Но Дальновиду после Потапова вторжения было уже не до амурных утех. Он успел задержать сани и тоже туда повалился, обхватил Федьку.

– Вот как тяжко нашему брату кавалеру приходится, – горестно сказал он ей.

Федька промолчала. Добывание приданого уже казалось ей каким-то дурным сном – вроде того бреда после чарки крепчайшего рома.

– Ги-и-ись! – заорал извозчик Пахомыч, хотя на ночной улице беречься и шарахаться было некому. Сани понеслись – и Федька подумала, что такой дивной ночью, под снегом, лучше бы ей кататься в обнимку не с Дальновидом.

Потом была забота – втащить в дом малость протрезвевшего и испуганного Сеньку. Его доставили в гостиную, выдали вместо Потапова тулупа большой шлафрок на вате, мало чем поменьше потапова тулупа, пригодного для путешествия в Сибирь.

В комнату, где возились с Сенькой-красавчиком, вошел Световид, сопровождаемый Выспрепаром. Он откуда-то приехал и раздевался на ходу.

Федька никогда не видела его в таком наряде – в модном парике, в отлично сшитом фраке. Шапошников-Световид выглядел весьма достойным кавалером, хотя красавцем его бы никто не назвал. Именно сейчас Федька разглядела его повадку – человека из хорошего общества, которого учили толковые наставники, который держится с достоинством и движется непринужденно.

Первым делом Световид приказал Никитину утром отправиться на поиски стрелы.

– Должна быть, – сказал он. – Коли наш сокол ясный там застрял в силках, то Миловида захочет про то отписать.
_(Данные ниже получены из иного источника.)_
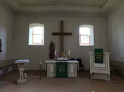 Der Fußboden ist mit schlichten, rot-schwarzen Steinen ausgelegt. Die Wände sind schmucklos und mit einem weißen Putz versehen. Darauf liegt eine flache, grau gestrichene Balkendecke. Ähnlich schlicht sind die drei Emporen, die mit braun-weißen Verzierungen gestaltet wurden.

Чего-то мы, видать, не предусмотрели…

– Вот Званцев, – Дальновид указал на Сеньку-красавчика. – Как искали! Я себя в жертву принес! Слушай…

И Федьке пришлось узнать о своих странствиях по кабакам в литературном переложении, в котором гротеск легко перерастал в патетику и правда служила незримым основанием для развесистого вымысла.

– Вот славно! – воскликнул Световид, выслушав донесение. – Изловили молодца! Теперь видишь, Фадетта, что мы бы без тебя не управились, ты одна его в лицо знала. В деле поимки этого бездельника стала главной.

Выспрепар принес ковш огуречного рассола и заставил Сеньку сделать несколько глотков.

– Оставьте меня, ироды, – совсем внятно сказал красавчик.

– Иродами нас назвал – значит, соображает! – обрадовался Дальновид.

– Ты, Званцев, отчего в театре столько времени не был? – очень строго спросил Световид. – Где пропадал? И как у сводни оказался? У тебя ж невеста есть, госпожа Огурцова, чего по девкам бегать вздумал?

– Какая она мне невеста?! – вдруг заорал Сенька. – Сука она, курва! Ничего, ничего! Отольются мышке кошкины слезки… тьфу!.. Не так!

– Гляди ты, ожил, – заметил Выспрепар. – И с чего ты, кавалер, так ее вдруг невзлюбил? Чем не угодила?

– Сука, – повторил Сенька. – Как амуриться – так я хорош, а под венец – с дворянином! А мне – сто рублей отступного и пинком под гузно! А я ее, курву, три года без устали тешил и ярил!

– С того и запил? – уточнил Световид. – С того и все сто рублей на девок протратил?

– Эх… – ответил Сенька и махнул рукой.

– Все совпало, – сказал Световид, повернувшись к Федьке. – По тому адресу, что ты раздобыла, я человека посылал, и он мне доложил, что Огурцова вздумала знатной барыней стать. К ней посватался отставной пехотный майор, весь в долгах, но роду почтенного. Она и решила для будущих деток дворянство приобресть. Разумная особа, что и говорить. Что, братцы сильфы, будем сейчас терзать несчастного или дадим проспаться?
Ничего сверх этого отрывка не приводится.